Information shown =
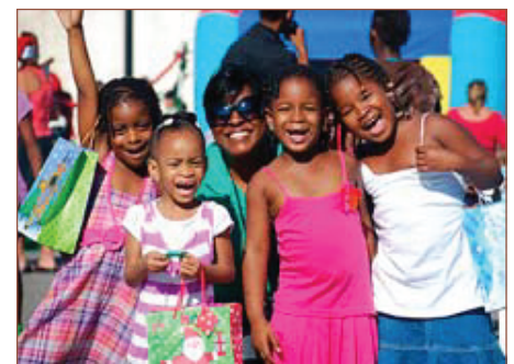
Smile: It's fun for everyone at the staff party
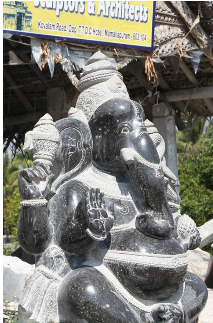
Polished idol of lord Vinayaka with detailed ornamentation.
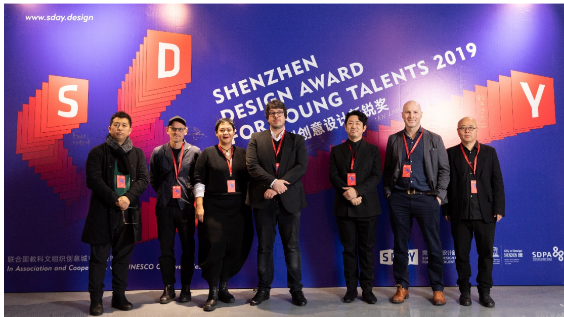
Group photo of the Jury panel.

Exercise requirements = Copy out the listing exactly as it stands, but not the pictures.

Result of the task =
Smile: It's fun for everyone at the staff party
Polished idol of lord Vinayaka with detailed ornamentation.
Group photo of the Jury panel.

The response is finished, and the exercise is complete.